* **What needs to be done**: Reproduce word for word every line from the one containing "9月20日,轰-6双机编队通场展示。新华网 丁梓朔 摄" to the final line of the data below; omit the pictures.

* **Data below**:
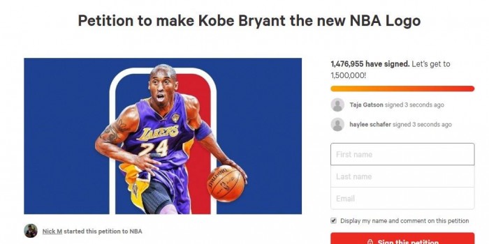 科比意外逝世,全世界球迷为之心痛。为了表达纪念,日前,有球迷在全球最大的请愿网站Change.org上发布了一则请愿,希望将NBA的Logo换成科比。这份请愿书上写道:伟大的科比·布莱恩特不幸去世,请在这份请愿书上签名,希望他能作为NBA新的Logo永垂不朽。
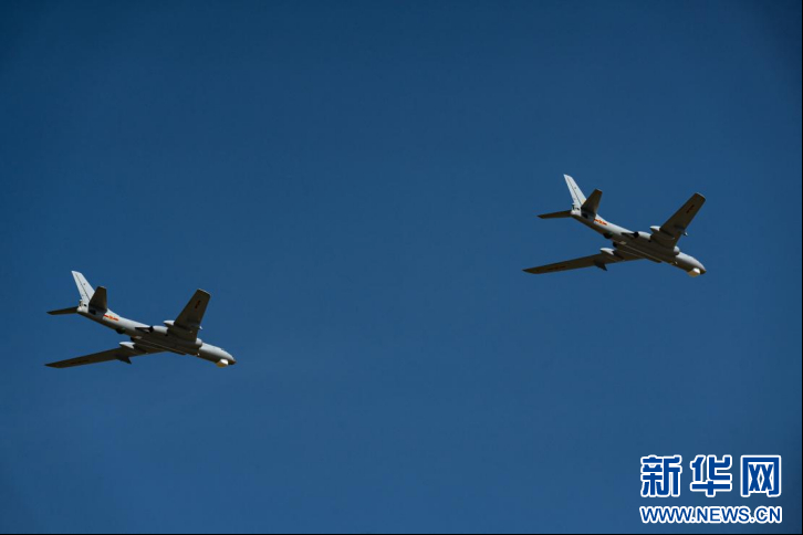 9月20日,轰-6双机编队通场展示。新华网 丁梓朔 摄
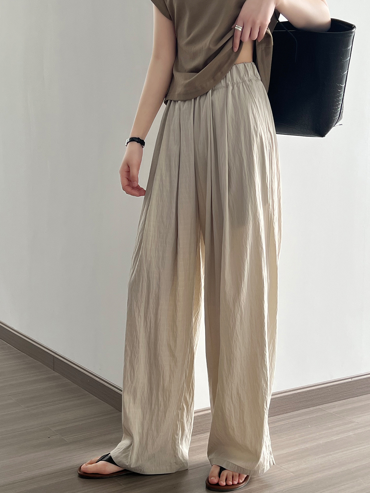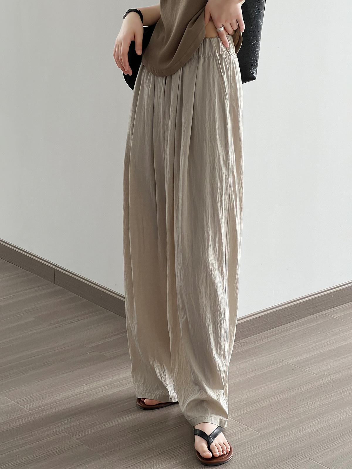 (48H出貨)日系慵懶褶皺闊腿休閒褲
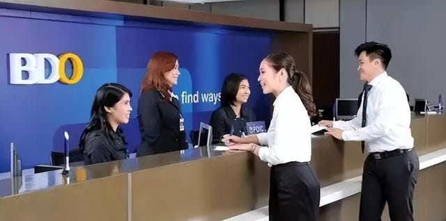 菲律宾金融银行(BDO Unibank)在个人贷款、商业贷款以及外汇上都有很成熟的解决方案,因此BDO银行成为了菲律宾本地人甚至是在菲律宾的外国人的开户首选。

* **Solution to the problem**:
 9月20日,轰-6双机编队通场展示。新华网 丁梓朔 摄
 (48H出貨)日系慵懶褶皺闊腿休閒褲
 菲律宾金融银行(BDO Unibank)在个人贷款、商业贷款以及外汇上都有很成熟的解决方案,因此BDO银行成为了菲律宾本地人甚至是在菲律宾的外国人的开户首选。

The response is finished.